- Born: September 3, 1941 Milan, Indiana
- Died: August 28, 2005 (aged 63) Truckee, California
- Education: University of Colorado Boulder Uppsala University
- Scientific career
- Fields: Computer science
- Workplaces: Stanford University
- Doctoral advisor: Heinz-Otto Kreiss
- Doctoral students: Margot Gerritsen
- Other notable students: Tony F. Chan Nick Trefethen

= Joseph Oliger =

American computer scientist (1941–2005)

Joseph E. Oliger (September 3, 1941 – August 28, 2005) was an American computer scientist and professor at Stanford University. Oliger was the co-founder of the Science in Computational and Mathematical Engineering degree program at Stanford, and served as the director of the Research Institute for Advanced Computer Science.
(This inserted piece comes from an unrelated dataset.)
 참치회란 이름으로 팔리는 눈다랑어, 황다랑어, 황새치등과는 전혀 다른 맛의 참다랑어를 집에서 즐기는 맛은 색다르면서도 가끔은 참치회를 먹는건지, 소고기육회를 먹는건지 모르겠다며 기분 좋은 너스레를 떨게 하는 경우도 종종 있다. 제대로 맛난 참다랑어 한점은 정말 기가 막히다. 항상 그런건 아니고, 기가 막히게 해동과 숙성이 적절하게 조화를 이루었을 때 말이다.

==Early life and education==
Oliger was born in Indiana in 1941, the son of salesman Emmert Oliger and homemaker Catherine Oliger, and grew up on a farm in Greensburg, Indiana. Oliger graduated from the University of Colorado Boulder with a B.S. in mathematics in 1966, and later continued on to complete an M.S. in applied math in 1971.
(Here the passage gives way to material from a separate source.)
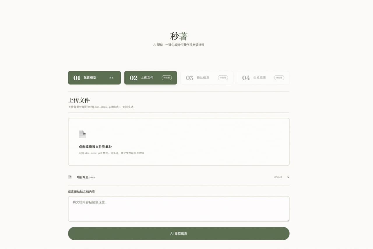 AI 提取 → 从文档中提取软件名称、功能描述、技术特点

From 1965 to 1973, Oliger worked as a computer programmer and analyst at the National Center for Atmospheric Research (NCAR) in Boulder, Colorado. There, Oliger met Heinz-Otto Kreiss, who was a professor at Uppsala University at the time, and they began working together. Kreiss became Oliger's PhD advisor, and Oliger completed his Ph.D. from Uppsala University in 1973.

==Research focus==
Oliger is known for his work on numerical methods to approximate solutions of partial differential equations, with applications to weather forecasting. For example, in his early work with Heinz in 1972, for a model problem on wave propagation Oliger determined to what order of Fourier analysis was required to guarantee a desired level of accuracy. Along with Marsha Berger and Philip Colella, Oliger developed the technique of adaptive mesh refinement. One adaptive mesh refinement algorithm first developed by Berger and Oliger, and later refined by Berger and Colella, is taught today and referred to as the Berger-Oliger or Berger-Oliger-Colella method.

==Stanford University==
In 1974, Oliger joined the Computer Science department at Stanford University as an assistant professor. In 1987, Oliger co-founded the Science in Computational and Mathematical Engineering degree program at Stanford with three colleagues. As a professor at Stanford, Oliger graduated over 20 PhD students and currently has over 100 academic descendants.

Oliger was the author of the widely used textbook, Time-Dependent Problems and Difference Methods, with Bertil Gustafsson and Heinz-Otto Kreiss.

Oliger served as the director of the Research Institute for Advanced Computer Science in the 1990s.

In 2001, Oliger retired from Stanford.